*** SUPPLIED MATERIAL
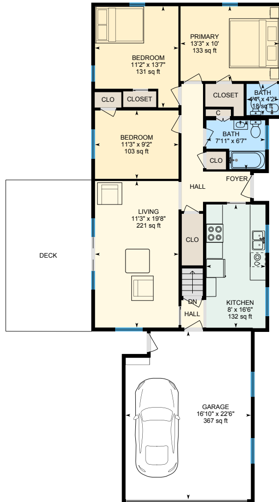
Main Floor Finished Area 1075.13 sq ft

Main Building: Above Grade Finished Area 1075.13 sq ft
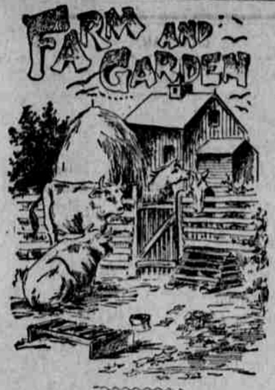
FARM AND GARDEN
******
▶ [TASK INSTRUCTIONS]: From the data above, copy each line that has the string "Area".

▶ [WRITTEN REPLY]:
Main Floor Finished Area 1075.13 sq ft
Main Building: Above Grade Finished Area 1075.13 sq ft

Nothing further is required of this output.